I’ll never forget the first time my son was rejected on the playground. He was three years old. We had just moved across the country, away from our family and friends, and I thought that a good way to meet new people would be to go to local parks and playgrounds and just start introducing myself. “How hard could it be?” I thought. I encouraged my son to reach out and introduce himself, too.
On one of our first days in our new city, we were at the playground when a new kid arrived. My son was genuinely excited to see him there. “Hiiiii!” he shouted, loudly and emphatically.
To my surprise, his welcome went completely ignored.
I could see the disappointment in his face and could tell that his feelings were hurt. I was disappointed for him, too. No parent wants to see their child rejected. Even though the child was close to his age and seemed nice, he just wasn’t interested in acknowledging him. This happened over and over again during the next few weeks.
I didn’t know what the problem was. Some of the children were friendly, but many of them would just ignore my sweet son. This meeting new friends business certainly wasn’t easy.
At first I’d grumble: “Couldn’t they just have said ‘hi’? It’s not THAT hard, right? Who doesn’t want new friends?!”
But as I thought through it further, I realized that just as it can be difficult for adults to make new friends, it can be difficult for children, too. Some are naturally social, and some are shy.
Even though my three-year-old son can say “hi” and reach out to others, that doesn’t mean he’ll be as forthright at age seven or eight. Children go through many stages of development, their personalities change, and, well, they’re kids.
Friendships don’t just happen, even for kids. Making a new friend is a skill, and it takes effort—and sometimes a little help from parents. I didn’t want to be one of those “overprotective parents.” But thankfully, I found out parental intervention in this kind of situation is actually a good thing.
Mitch Prinstein, a clinical child psychologist, explains in his book Popular that it is helpful to intervene on behalf of a child in order to foster healthy social friendships (while not becoming too involved).
Of course, it’s more difficult to meet new friends at a playground than in a one-on-one situation. An organized playdate generally takes a little planning and provides a more structured environment. But it’s valuable to be able to approach new people in any place or situation; it builds courage, not to mention community.
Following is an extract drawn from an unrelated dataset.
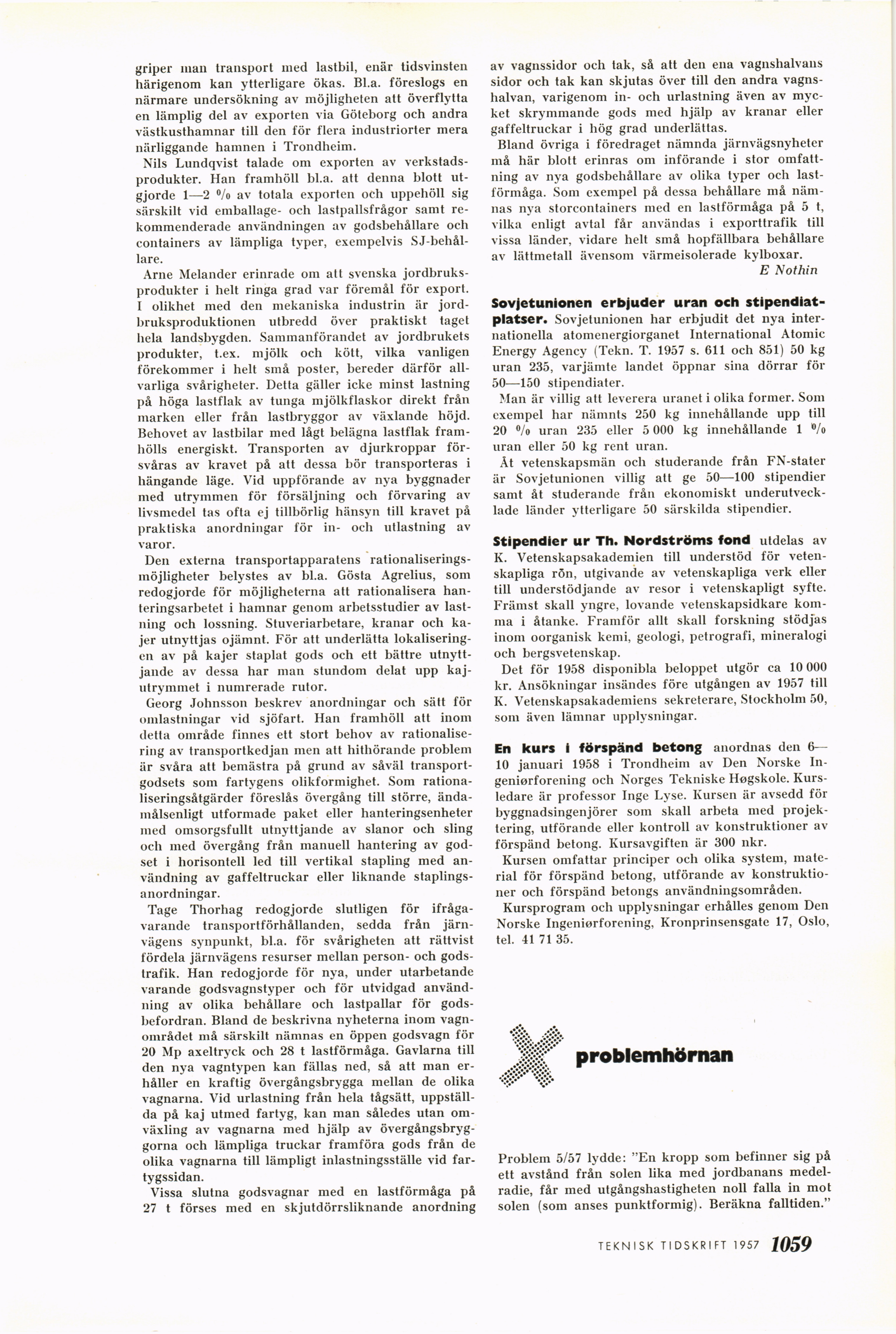 Full resolution (JPEG) - On this page / på denna sida - 1957, H. 43 - Hänt inom tekniken - IVA:s Transportforskningskommissions årsmöte, av E Nothin - Sovjetunionen erbjuder uran och stipendiatplatser - Stipendier ur Th. Nordströms fond - En kurs i förspänd betong - Problemhörnan, av A Lg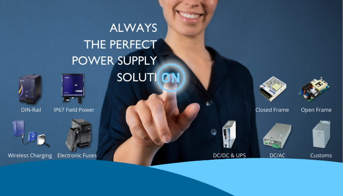 AC/DC voedingen, DC/DC converters, UPS & battery charging, DC/AC inverters, electronic fuses, wireless charging, IP67 field power supplies, open/closed frame modules én volledig maatwerk.

I worried that my son would eventually stop trying if his greetings continued to be met with rejection. His natural willingness to reach out was something I wanted to encourage. So I stepped out of my comfort zone and began to prompt conversations and encourage good social manners.
When my son would ask me why someone didn’t say “hi” to him, I’d explain that sometimes people just don’t know that they are supposed to respond, and that’s okay.
After a few weeks of continued effort, encouragement, and a little parental guidance, we had both made a number of great friends at various playgrounds. The time and perseverance paid off.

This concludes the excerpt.